(Data segment)
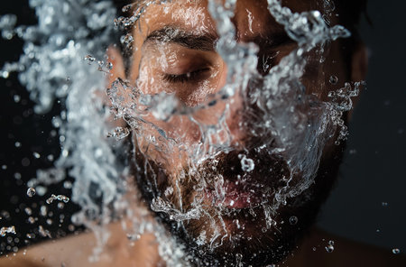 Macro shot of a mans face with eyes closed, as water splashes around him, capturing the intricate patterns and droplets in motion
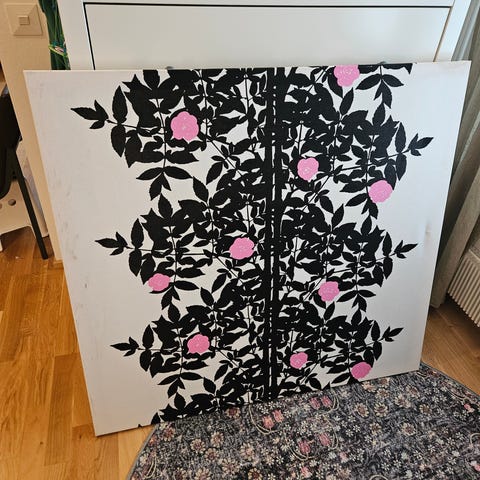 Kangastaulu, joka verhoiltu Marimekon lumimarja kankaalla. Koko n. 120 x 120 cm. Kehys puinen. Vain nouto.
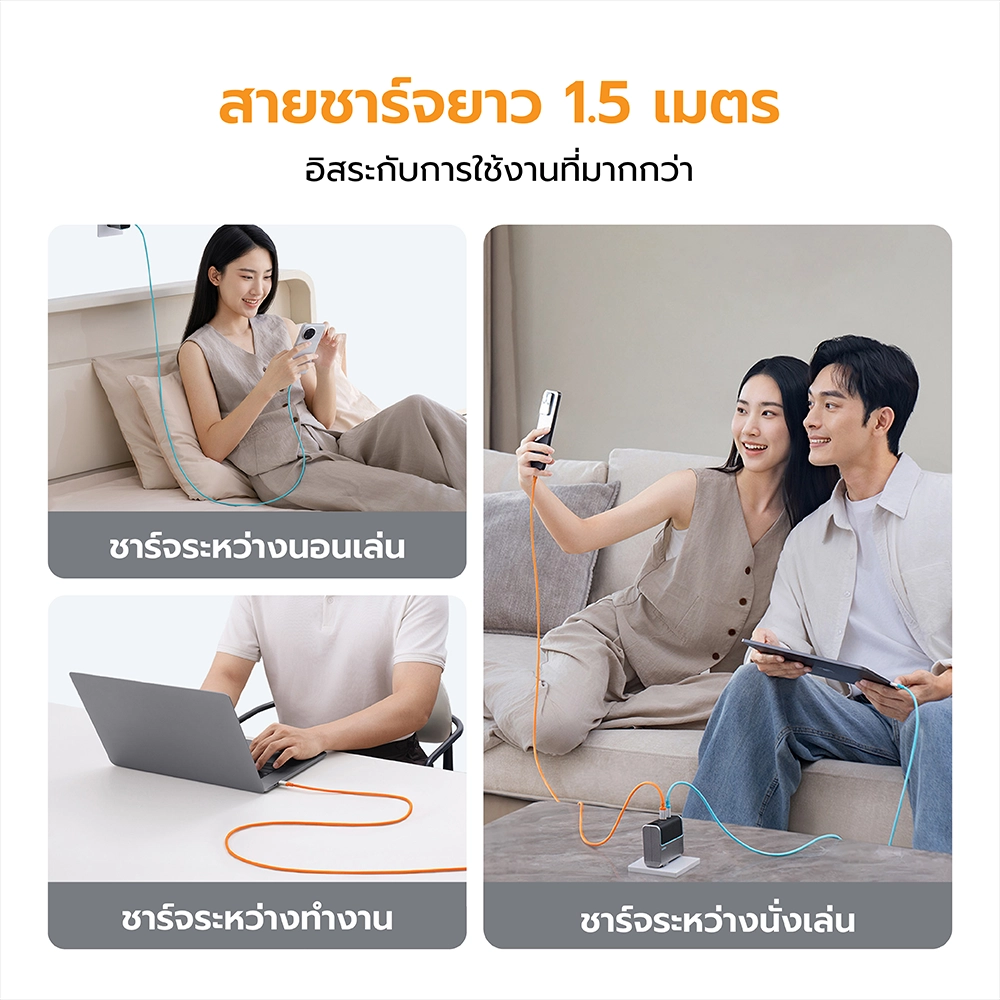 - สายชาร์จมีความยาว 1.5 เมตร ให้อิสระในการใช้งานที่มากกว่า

(Task to complete) Only the lines from the beginning of the listing up to and including the line with "Kangastaulu, joka verhoiltu" should appear in the reply, copied word for word and free of pictures.

(Task result)
 Macro shot of a mans face with eyes closed, as water splashes around him, capturing the intricate patterns and droplets in motion
 Kangastaulu, joka verhoiltu Marimekon lumimarja kankaalla. Koko n. 120 x 120 cm. Kehys puinen. Vain nouto.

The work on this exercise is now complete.